崖からバンジーしてもらったトレントさんたち、もしかしたら死んでないのかな? それなら良いけど、魔結晶やドロップアイテムがあったんだよね――。
「精霊召喚も中級になったし、女神様の加護もいただいたし、レベルだって上がってたのに――」
「じゃあ、レベル上がってどれくらい成長したのか確かめなきゃね! 」
ボクは小5なエルフを押し倒してボディチェック中だ。アユナちゃんはくすぐられてキャッキャ叫びながら座席から転げ落ちる。このエルフっ娘、5年後には世界一の美少女になるんじゃない?
「だめですよ、リンネちゃん! アユナちゃんが泣いちゃ――ひゃんっ!? 」
「メルちゃんもあたしと同級生とは思えないくらいの発達振りよね! 神様ぁ~差別はいけないよ? 片方ちょうだ~い!」
チロル行きの馬車の中は黄色い笑い声で賑やかだ。いつもこんなに楽しい旅なら良いのになぁ。
「あのぅ……僕たち……男性陣も居るんですが……」
馭者のティミーさんが赤面状態になっていた。この状況、声を聞くだけでも興奮するでしょ。
「ティミーよぉ、小さな女の子を見て赤くなってたって、アリスちゃんに言っちゃうぜ? 」
「アリスさんに? どういうことですか? 」
「あぁ、リンネは寝てたから知らんのか。ティミーはエンジェルウィングのアリス団長と婚約したんだぜ? 」
「え~~っ!? 」
この世界に来て既に15日目――たくさんの出会いがあった。出会いは偶然が何乗にも掛け合わさって生まれる奇跡だと思う。もしも運命の糸が目に見えたなら、奇跡を奇跡だと感じられず、出会いも味気ないものになってしまうのかなぁ。だからこそ、こういう嬉しい驚きは、とても新鮮で、貴重で――心から大切にしたいよね!
「婚約? じゃあ、私はリンネちゃんと結婚する! 」
「リンネちゃんは私の婚約者だからだめです! 」
「あははっ! リンネちゃんモテモテだね! じゃあ、あたしも参戦しちゃうぞぉ~! 」
みんなに抱き付かれた! ヤバい、柔らかい! なけなしの男心という名の理性が崩壊しそう! このパーティなら美少女コンテストで表彰台独占できるよ、きっと!
[メルがパーティに加わった]
[アユナがパーティに加わった]
[レンがパーティに加わった]
★☆★
朝5時にヴェルデを発ったボクたちは、夕方にはニンフと出会った町を臨む丘を通り過ぎた。早ければ明日の昼頃には目的地チロルへ到着する予定だ。
頂き物のサーベルを装備したレンちゃんがことのほか強く、メル&レンの青赤コンビが次々に魔物を倒していった。ここまでで既に上級2、中級18、下級80匹以上を討伐している。
気付いたら全員がレベルアップしていた。特にレンちゃんはもうレベル5だ。ステータスポイントは攻撃・体力・防御・敏捷に各1ずつ割り振ったらしい。
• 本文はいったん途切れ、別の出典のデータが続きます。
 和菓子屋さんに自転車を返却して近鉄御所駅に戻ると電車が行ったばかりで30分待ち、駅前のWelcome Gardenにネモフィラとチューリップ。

魔力はスルーかい――。
◆名前:レン
年齢:14歳 性別:女性 レベル:5 職業:剣士
◆ステータス
攻撃:3.60(+2.50 +2.50)
魔力:0.30
体力:2.90
防御:2.25(+1.80)
敏捷:3.70
器用:1.45
才能:2.00(ステータスポイント0)
★☆★
影が徐々に長くなり、世界が夕闇に染まりつつある頃、ボクたちは反対方向から来る馬車に遭遇した。
「前方に馬車が見えますね」
「おぅ、珍しいな。行商か? 」
「冒険者かもしれませんよ? 」
馭者席からの声を聞いていたボクは、さりげなく訊いてみた。
「どうせ夜営するなら誘ってみます? その方がお互いに安全じゃないですか? 」
「正直何とも言えんな、相手次第だろ。こっちは強いとはいえ、女の子が居るし。無用なトラブルになりかねん」
渋い表情で慎重論を唱えるラーンスロットさん。
「こちらではなく、あちらが安全に夜営出来ることの方が重要だと思います」
相手方を慮るメルちゃん、優しい。
結局、北へ向かう相手の馬車が心配ということで、挨拶がてら共同での夜営を提案することになった。
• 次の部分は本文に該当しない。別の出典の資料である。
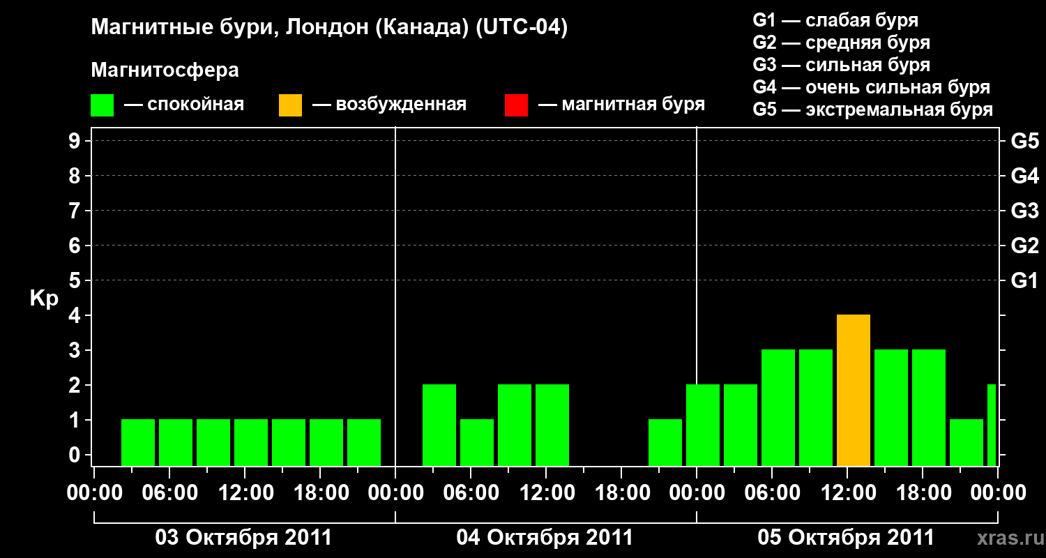Магнитные бури Лондоне (Канада) 5 октября 2011 года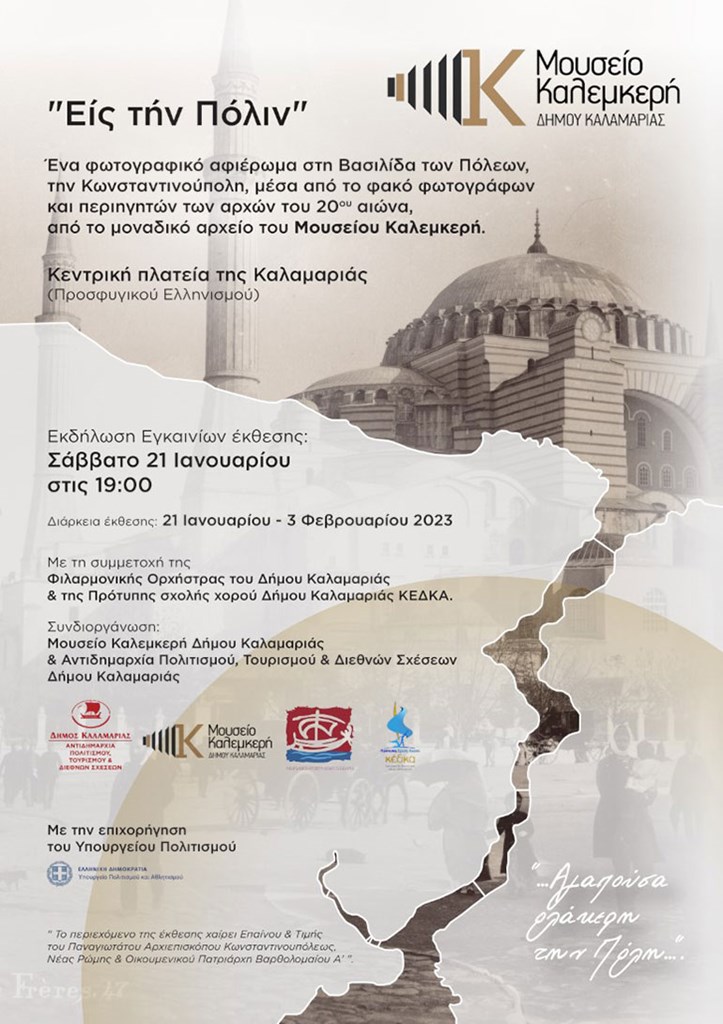 Με μία υπαίθρια έκθεση φωτογραφίας αρχίζει τη νέα χρονιά το Μουσείο Καλεμκερή του Δήμου Καλαμαριάς, την οποία συνδιοργανώνει με την Αντιδημαρχία Πολιτισμού, Τουρισμού και Διεθνών Σχέσεων του Δήμου. Πρόκειται για την έκθεση «Εις την Πόλιν», που είναι αφιερωμένη στην Κωνσταντινούπολη και θα παρουσιαστεί στην κεντρική πλατεία του Δήμου (Προσφυγικού Ελληνισμού), από τις 21 Ιανουαρίου μέχρι και τις 3 Φεβρουαρίου 2023.

「いやぁ、本当に助かりました。この先、強い魔物がたくさん出るみたいで、どうやって夜を過ごそうかと悩んでいたんですよ。しかもこんなに可愛いお嬢さん方と一緒だなんて、私にも運が巡ってきたかな」
鷲鼻の行商人の男は、二つ返事で提案を受け入れた。馬車には馭者を含めて男性が4人乗っている。行商人と護衛3人らしい。無口な護衛たちは何も言わずにじっと見つめてくる。いつの間にかシルフは隠れてしまっていた。恥ずかしがりやさんだね。
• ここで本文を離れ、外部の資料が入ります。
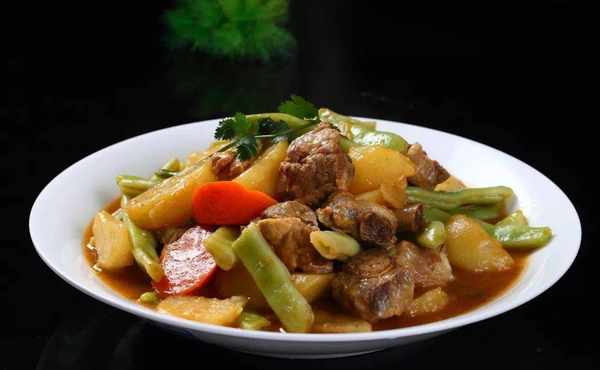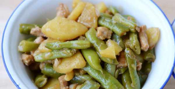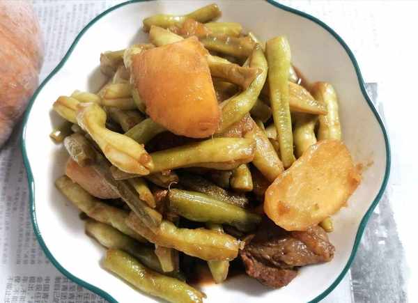 配料表:四季豆、排骨、西瓜酱、土豆、大葱、姜、干红辣椒、青椒、酱油、花椒、盐、蚝油、料酒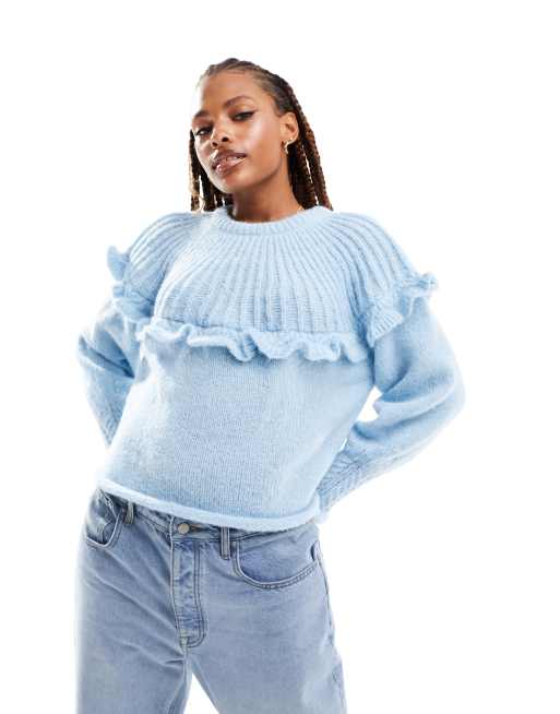 Pieces Gebreide trui met ruches in babyblauw ASOS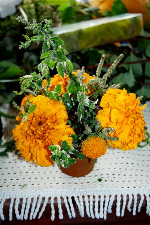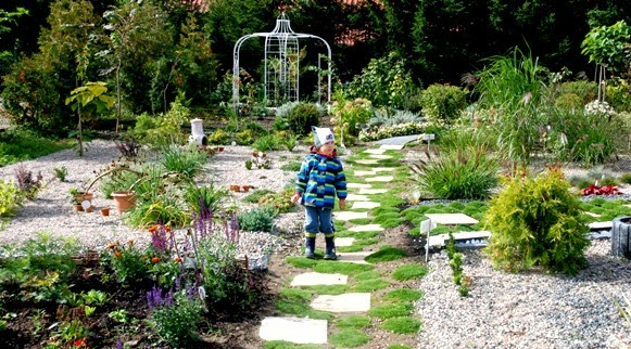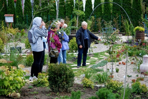 Dominują kwiaty wiejskie: nagietki, werbeny, aksamitki, piwonie, malwy, naparstnice)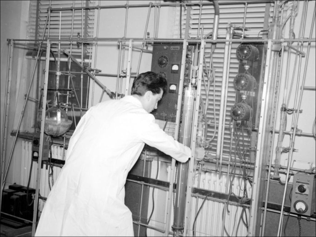 - Il s'agit de chimistes et de bactériologistes au travail dans des laboratoires. Nous apercevons également des secrétaires (E6,S7,SS1,P208509) et probablement des directeurs à leur bureau (E6,S7,SS1,P208505 et E6,S7,SS1,P208507). Reportage commandé par le Dr Archambault

「いえ、最近は魔人も暗躍しているようなので、安全確保は大切だと思いますよ」
「魔人ですか。貴女方は魔人を見たのですか? 」
「はい、この先のヴェルデという町で。既に討伐済みですが――まだまだ安心できないので気を付けてください」
「なるほど、それは大変困りました。情報ありがとうございます。ところで、お嬢さん方は、どこかのお姫様ですか? とても見目麗しいので」
「ボクたちは――」
「私たちはただの冒険者です。明日はなるべく早く発つので、もう寝ましょう。失礼します」
途中、メルちゃんが会話に乱入してきて、いきなり話を切り上げてしまった。
「メルちゃん! チロル方面の情報をこれから聞こうと思ってたのに! 」
「勇者です、なんて言い出しそうだったので――それに、あの護衛の人たちはかなり強いです。関わらない方が良さそうです」
普段は優しいメルちゃんだけど、今回はあまりにもそっけない塩対応だ。
「あたしもメルちゃんに賛成! あの紫髪の剣士、只者じゃないと思う。ちょっと距離置いて夜営しよ? 」
「じゃあ、私が安心安全なアユナ結界を張っておくからね! 」
確かに、僅か3人の護衛で北へ向かうということは、かなりの手練れかもしれない。ラーンスロットさんたちにも、気を付けるよう何度も注意された。だから、鑑定はやめておきましたよ。
★☆★
夜はアユナちゃん結界もあり、とても快適に過ごせた。
行商の人たちは結界の外だったけど、魔物に襲われずに済んだらしく、とても感謝していた。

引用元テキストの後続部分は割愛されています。